9 In Harbour Inn Seafoods Ltd v Switzerland General Insurance Co Ltd (1990) 3 PRNZ 653 at 654, Fisher J held that the discretion to depart from the presumptive order for the presentation of cases suggested that the matter did not turn solely on the incident of the onus of proof. Rather, the real question was which order served the ends of justice.
[39] Fifth, and flowing on from the prior points, the observations in ASICC v Rich, relied on by the defendants, are distinguishable.10 The issue in that case was not presentation of expert evidence, but proposals for abbreviating final hearing time. At stake was the ability of the party to adduce all the evidence it wished to adduce. There is no such constraint in the plaintiff’s proposal with the only issue in this application being the sequence in which that evidence is presented. Rule 9.46 expressly allows a Judge to make directions about the circumstances in which expert evidence is presented. This is not a case of a Judge standing in the way or unnecessarily interfering in the conduct of the trial.
[40] Sixth, the lack of precedent is unsurprising. This is a very large and complex case. The allocated trial time is significantly longer than either Cridge v Studorp Ltd11 or White v James Hardie New Zealand Ltd.12 Although there will be significant overlap in the issues to be determined, the cases are not the same. What worked for one party in one proceeding will not necessarily work in this case.
[41] The fact that evidence was presented in an orthodox manner in those trials does not mean there are not better ways to present similar evidence in this case. In fact, the Judge in White indicated a clear preference for evidence to be given on an issue/topic basis in the case management of this proceeding.13 The defendants’ counterproposal is also put forward (at least in part) as a result of counsel’s experience of comparable trials in which it appeared that the building survey evidence presented the most difficulties for the Court to assimilate.
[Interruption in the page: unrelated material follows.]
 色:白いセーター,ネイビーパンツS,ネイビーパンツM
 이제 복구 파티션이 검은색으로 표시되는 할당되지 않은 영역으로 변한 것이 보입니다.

[42] In sum, I do not consider the plaintiff’s proposal to be a radical departure from the orthodox approach. Nor will it cause substantial and irremediable prejudice to the defendants. Whether expert evidence should be presented in a different way will depend on the circumstances and nature of the case, and not on precedent.
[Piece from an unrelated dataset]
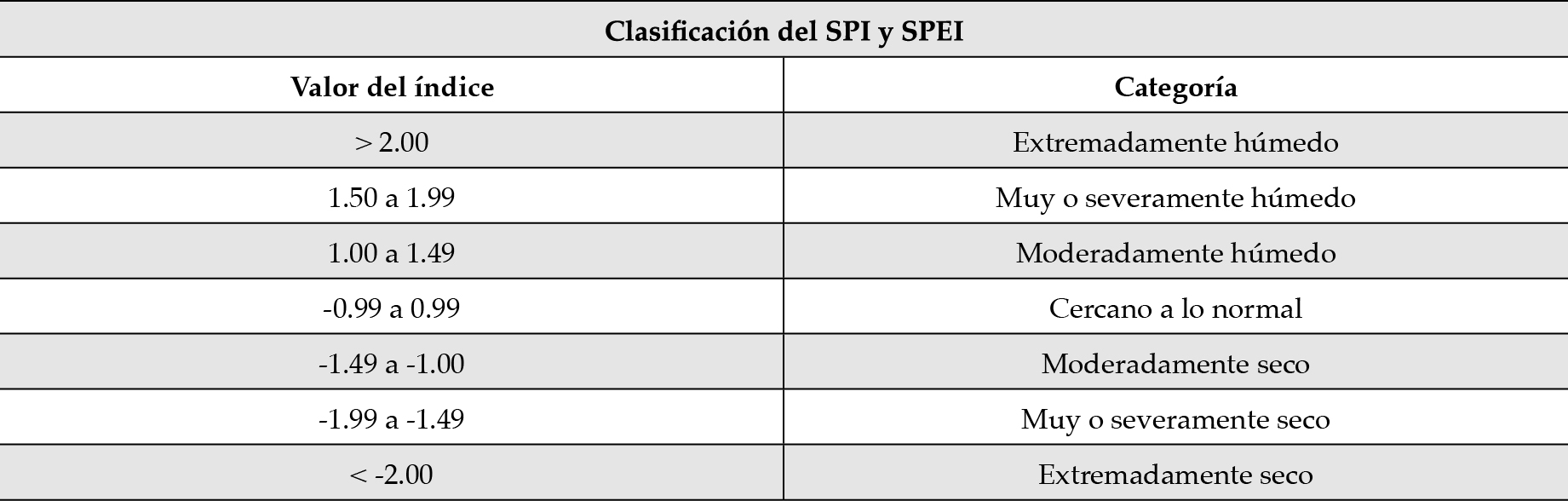 Los índices de sequía SPI y SPEI emplean la misma clasificación para las condiciones de sequía; la interpretación de los resultados se realizó con base en el cuadro 2.

10 Australian Securities and Investments Commission v Rich (2009) 75 ASCR 1.
11 Cridge v Studorp Ltd [2021] NZHC 2077.
12 White v James Hardie New Zealand CIV-2015-404-2981. The case resolved prior to the defendants calling any evidence.
13 Metlifecare Retirement Villages Ltd v James Hardie New Zealand Ltd HC Auckland CIV-2015- 404-003080 [9 February 2023] (Minute (No 68) of Whata J dated 2 August 2021 at [7]).
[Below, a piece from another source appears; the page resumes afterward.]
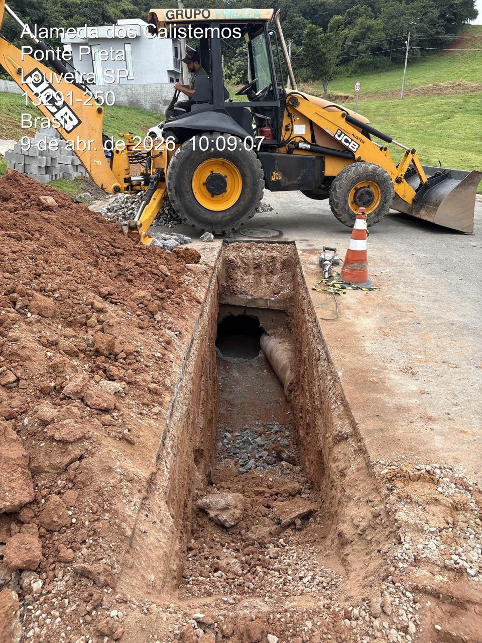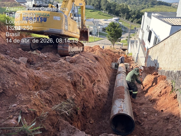 A Prefeitura de Louveira, por meio da Secretaria de Desenvolvimento Urbano, está realizando uma importante obra de drenagem na Alameda dos Calistemos, no Santa Isabel II, com o objetivo de solucionar um problema antigo de erosão causado pelo rompimento de uma escada hidráulica.

Will grouping the evidence assist the Court?
[43] Grouping the evidence will mean that expert evidence on a particular issue will be heard around the same time. Ms Cooper KC, for the plaintiff, submits that this will assist the Court to quickly understand the nub of the dispute between the experts and why that evidence is relevant to the case.
[44] The defendants dispute that grouping will achieve the intended benefits. This forms the second ground of opposition to the plaintiff’s application. Several arguments were advanced in support of this ground, each of which are addressed below.
Interrelated nature of the evidence
[45] First, the defendants say that the proposed groups and witness allocations are unrelated to the pleaded issues to be determined, and do not map neatly on the issues to be determined by the Court.
[46] Moreover, they say the interrelated nature of the evidence makes it impossible to silo the evidence into discrete topics or areas. Additionally, many witnesses give evidence that cross the boundaries of multiple topics and areas.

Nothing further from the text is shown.